Entonces reprochó al conejito haber vuelto. Y él con sus dos patitas dobló y apretó sus orejas, acto propio y quizá aprendido de un hombre que no quiere escuchar. La mujer se puso de pie, poco importaba que él reposara sobre sus piernas. Ella era un barco, había muchas anclas recuerdo que la hacían prisionera. Cómo navegaría con el conejito, cómo intentaría navegar esta vez con él si tantos recuerdos lo impidedían. Si se encontraba atada. Un instante desapareció de la sala. Regresó después de la cocina con algo en manos. El conejito temblaba en el sillón, se tapaba las orejas. Negaba moviendo hacia los lados la cabeza orejona. Entonces la mujer lo agujeró con el metal. Las heridas decían algo, era una herida por ancla. El conejito se resistía y tomaba entre sus patas el frío metal, incapaz de detenerlo. La mujer clavó más veces en su cuerpo blando, cuidando no atestar golpes donde había cicatrices de agujeros anteriores. Hubo un momento en que la longitud entera del metal atravesó el cuerpo del conejito, horadó sus orejas y se enterró en su lomo.
Después de agujerarlo, la mujer contuvo la respiración y el castigo. Estaba desnuda, se sentía vulnerable al frío. Observó al conejito agujerado, que en cierta forma yacía desnudo también, si acaso más vulnerable que ella. Soltó el metal y fue a dormir.
El conejito cayó del sillón y se arrastró hasta la puerta de nogal. Mientras se arrastraba, volvía la mirada esperanzado. Antes de cruzar el umbral que separaba el calor del hogar y la luz cálida del fuego de las sombras y la lluvia de afuera, tuvo una última esperanza y volteó una última vez que duró más tiempo. Pero la mujer no volvió a por él. Ella era un barco náufrago dormido.

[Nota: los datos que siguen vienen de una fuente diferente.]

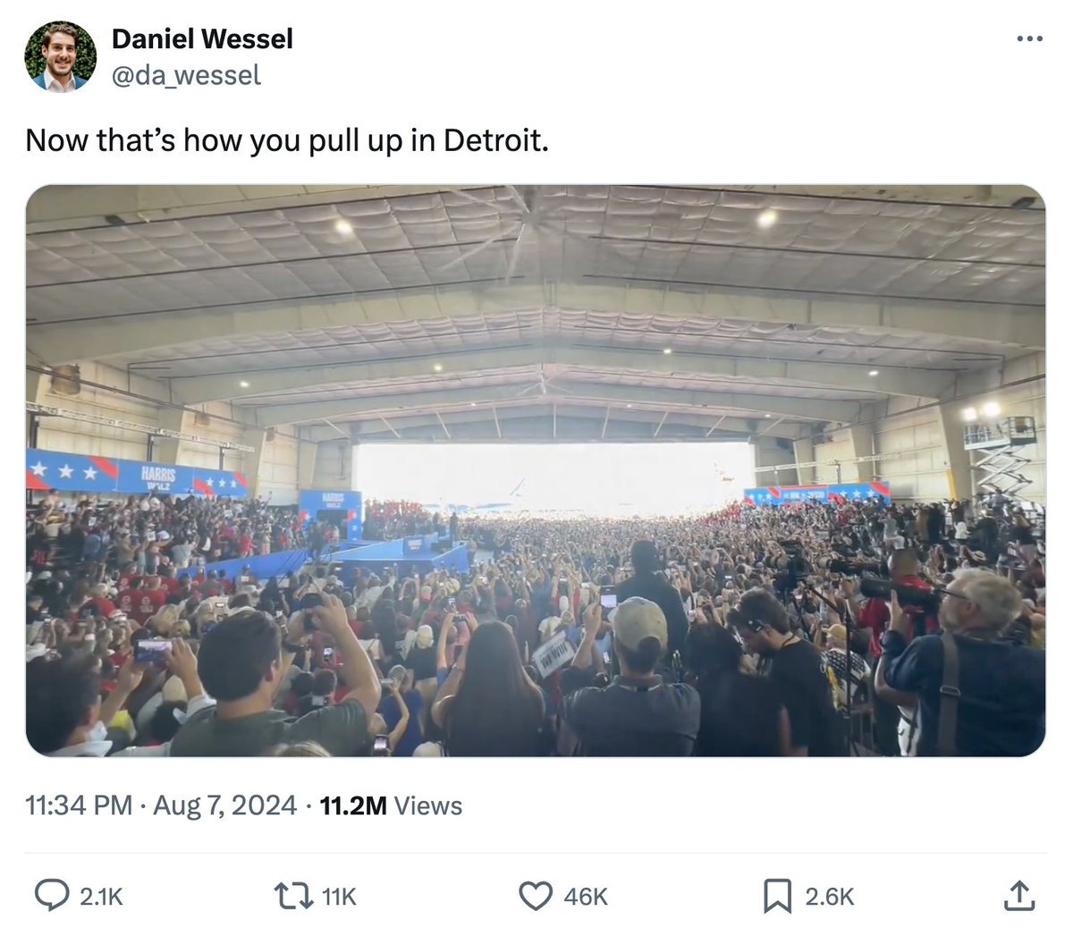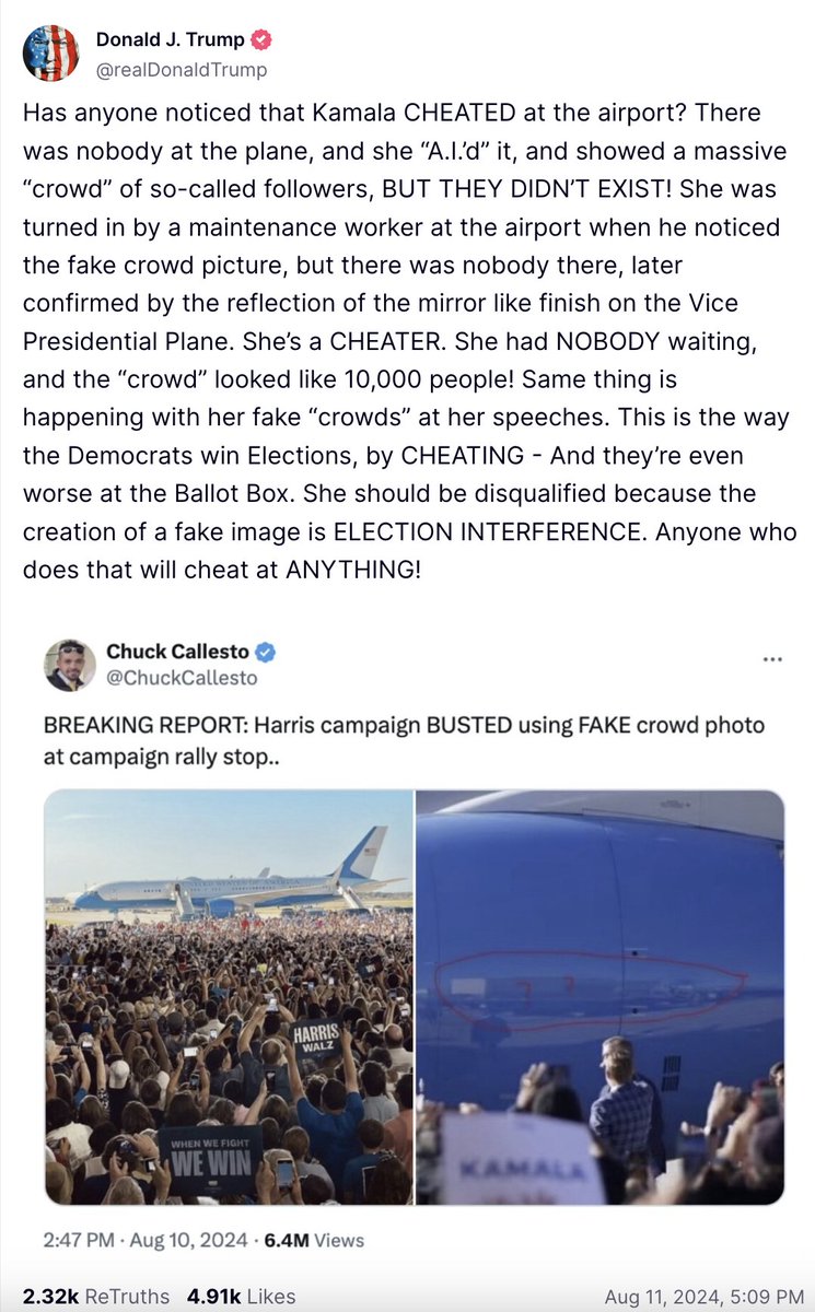 Referencing a series of viral but totally false claims by his supporters, Trump is suggesting that the Harris campaign used AI to make her crowd at Detriot Metropolitan Airport appear larger.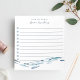 Personnalisez ce bloc-notes côtier chic doublé à faire avec deux lignes de texte personnalisé dans un script bleu marine classique et des lettres serif. Le design comprend une école de poissons d'aquarelle bleu nageant le long du fond. Montré avec "du bureau de [Nom]" et les cases à cocher alignées pour garder toutes vos tâches les plus importantes organisées.

Sin poder caminar o saltar, el conejito bajó las escaleras de los tantos pisos. La lluvia salpicaba los peldaños, empapaba su pelaje de mamífero hasta hacerlo pesado. El conejito salió del edificio y lo recibió una cortina de agua que renovaba su estructura de gotas infinitamente. Continuó su camino por calles estrechas. Los torrentes de agua implacables que cubrían el pavimento de las calles se apoderaban de su cuerpo hueco. El agua entraba por sus agujeros dificultando su reptar. Y aunque la marea lo sumergía hasta apenas sobresalir sus orejas, siguió su camino. De pronto las llantas de un automóvil furioso inesperado lo lanzaron y se estrelló contra una elevación, una banqueta que logró trepar en cuatro intentos. Reconoció que había llegado a su destino. Buscó el agujero que antes había cavado en el vértice que unía la pared de la fábrica colosal de conejitos con la banqueta. Era el agujero consagrado a permitirle esperanzas. Entró en él y penetró en la tierra. El túnel subterráneo lo llevó de vuelta a la fábrica donde coserían sus agujeros. Alguien lo reconocería la mañana siguiente, al iniciar las labores. Alguien recojería al conejito blanco que aparecía misteriosamente y tal vez pasaba la noche fuera de la fábrica en espera de ser remendado. En conjunto los trabajadores de la fábrica arreglarían sus desperfectos, le conseguirían una nueva caja blanca con moño rojo. Alguien, que quizá ya lo habría curado inmemorables veces antes, recordaría su hogar de procedencia y lo regresaría una vez más cargando como cargaban los mensajeros a los conejitos nuevos. De todos los conejitos fabricados, éste era el más conocido. El único que volvía destrozado para ser tratado y reenviado a casa. Qué misterioso el conejito agujerado.Noches después, se escuchó de nuevo la llamada temerosa en la puerta de nogal. La mujer se liberó de su zozobra, salió de su ensimismamiento, sonrió. Era el conejito remendado. Su patita golpeó con más timidez que antes, apenas dos golpes suaves que el silencio exageró, cerró la tapa de la caja y fingió estar dormido dentro de ella.